Karena kerja reserpin yang ireversibel, untuk pengembalian kadar katekolamin memerlukan waktu yang lama. Karena itu pemberian berulang akan menyebabkan efek kumulatif, walaupun pemberiannya hanya 1 x seminggu. Selain itu reserpin juga mengosongkan katekolamin dan 5-HT dimedula adrenal, otak dan organ-organ lain.

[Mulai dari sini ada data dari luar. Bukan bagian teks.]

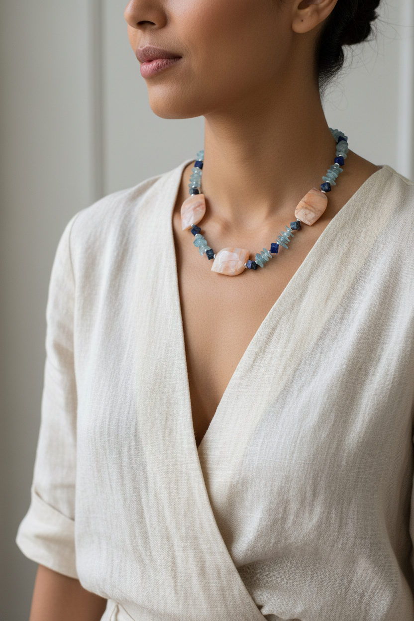 A unique 22-inch statement necklace with matching earrings, handcrafted in Woodland, California. This exclusive set features aquamarine, lapis lazuli, sunstone, and hematite gemstones with copper-dipped, silver-plated glass accents. This piece embodies bohemian luxury and natural stone energy.

Efek antihipertensi : Efek penghambatan aktivitas adrenergik menyebabkan penurunan tekanan darah yang berlangsung lambat disertai takikardi serta penrunan resistensi perifir (terutama pada waktu berbaring). Efek sentral : menimbulkan sedasi dan sikap tidak acuh terhadap sekitarnya. Efek sentral ini diduga karena deplesi katekolamin dan 5-HT di SSP. Penggunaan dosis tinggi dalam jangka lama dapat menimbukan gejala ekstrapiramidal. EFEK SAMPING DAN INTOKSIKASI
Efek samping yang utama ialah terhadap SSP dan saluran cerna. Efek samping dapat berupa : (1) sedasi, (2) depresi mental yang berat dan mimpi-mimpi buruk sudah dapat terjadi pada dosis 0,25 mg; (3) gangguan ekstrapiramidal (jarang terjadi pada dosis untuk antihipertensi); (4) peningkatan tonus dan motilitas saluran cerna, yang disertai spasme dan diare, dan sekresi asam lambung meningkat; (5) peningkatan berat badan; (6) kemerahan dan kongesti nasal (dapat menimbulkan gangguan nafas yang berat pada bayi yang dilahirkan dari ibu yang mendapat reserpin).
KONTRAINDIKASI
Reserpin tidak boleh diberikan pada: (1) penderita dengan riwayat depresi mental, dan harus dihentikan bila pada pemakaiannya timbul gejala depresi, (2) adanya riwayat ulkus peptikum, dan pemberian harus dihentikan bila pada pemberiannya menimbulkan gejala ulkus peptikum.
3. ADRENOLITIK SENTRAL
Termasuk dalam golongan ini ialah : klonidin dan metildopa yang bekerja menghambat perangsangan neuron adrenergik sentral di SSP yang mengatur aktivitas simpatis perifir. Penggunan utama obat ini ialah sebagai antihipertensi (lihat seksi 30).